PS 86-161
Giant goldenrod (Solidago gigantea) population growth and management efficacy

Friday, August 9, 2013
Exhibit Hall B, Minneapolis Convention Center
Emily S. J. Rauschert, Department of Biology, St. Mary's College of Maryland, St. Mary's City, MD
Robert Pal, Department of Plant Systematics and Geobotany, University of Pécs, Pécs,, Hungary
Zoltán Botta-Dukát, Plant Ecology, Institute of Ecology and Botany, HAS, Vácrátót
Background/Question/Methods

Although Europe is viewed as suffering fewer biological invasions than North America, the number of plant invasions continues to increase. Solidago gigantea (giant goldenrod) was deliberately introduced to England from North America as an ornamental plant over 200 years ago. It has since spread across the European continent to become one of the most problematic invasive plants in central Europe. Combining data from a series of experiments performed in Hungary as well as using estimates from the literature, we developed a demographic matrix model to explore the dynamics of giant goldenrod and the efficacy of management practices aimed at reducing local population density. The stage-structured model consisted of small, medium and large vegetative shoots and flowering adult shoots, and transitions between the stages were parameterized by combinations of various rates, such as the number of seeds produced in a flowering shoot, the probability of seed germination, the probability of growth and survival to a larger stage, and the average number of shoots produced at each stage.

Results/Conclusions

The S. gigantea populations modeled experienced positive growth under almost all circumstances.
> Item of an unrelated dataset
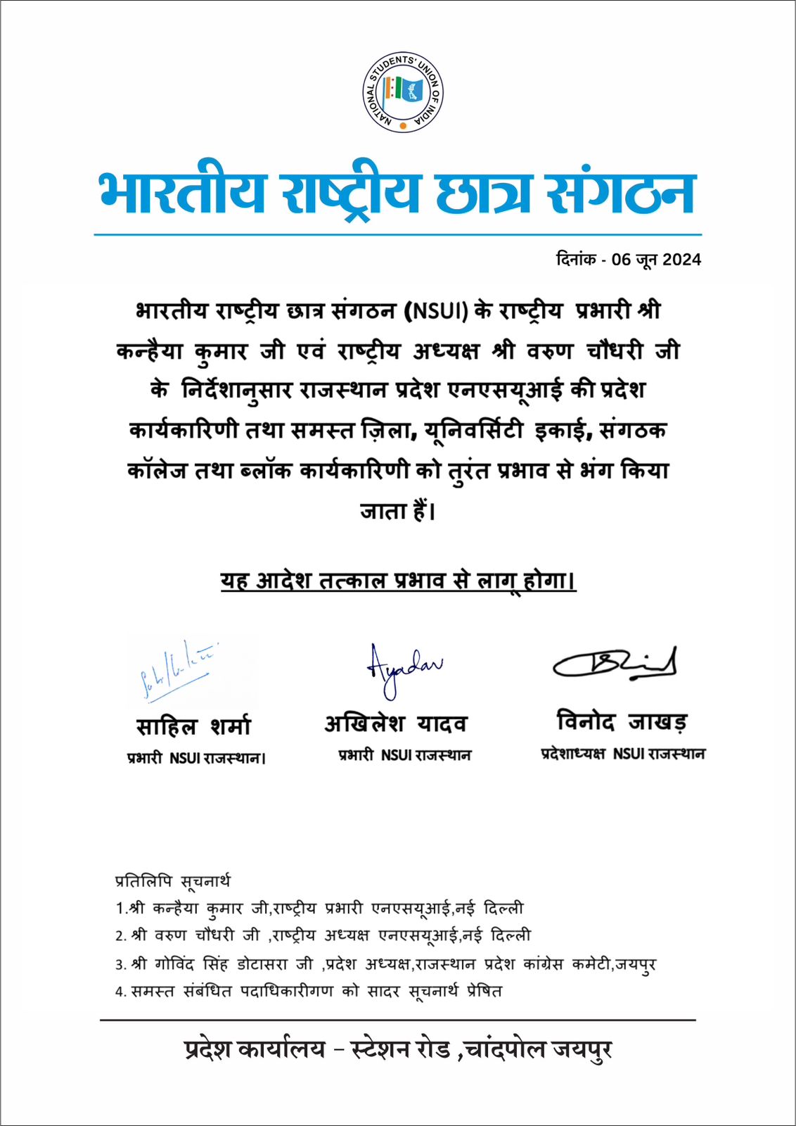 भारतीय राष्ट्रीय छात्र संगठन (NSUI) के शीर्ष नेतृत्व के निर्देशानुसार राजस्थान प्रदेश एनएसयूआई की प्रदेश कार्यकारिणी तथा समस्त ज़िला,विश्वविद्यालय इकाई,संगठक कॉलेज तथा ब्लॉक कार्यकारिणी को तुरंत प्रभाव से भंग किया जाता हैं। यह आदेश तत्काल प्रभाव से लागू होगा।

The stable age distributions were different in the two types of populations modeled (wet and dry environments), with almost no small vegetative shoots in the more productive wet environments.  The elasticities of the growth rates indicated that the populations were most responsive to changes in transition rates between flowering shoots and medium vegetative shoots, and between flowering shoots and large vegetative stems. The most common management treatment (mowing) was not effective at the level measured in the field (20% reduction); nearly complete reduction of stems produced was necessary to suppress population growth. Insights from the model into what levels of management are required to suppress local population growth of giant goldenrod invasions can lead to more appropriately targeted management practices.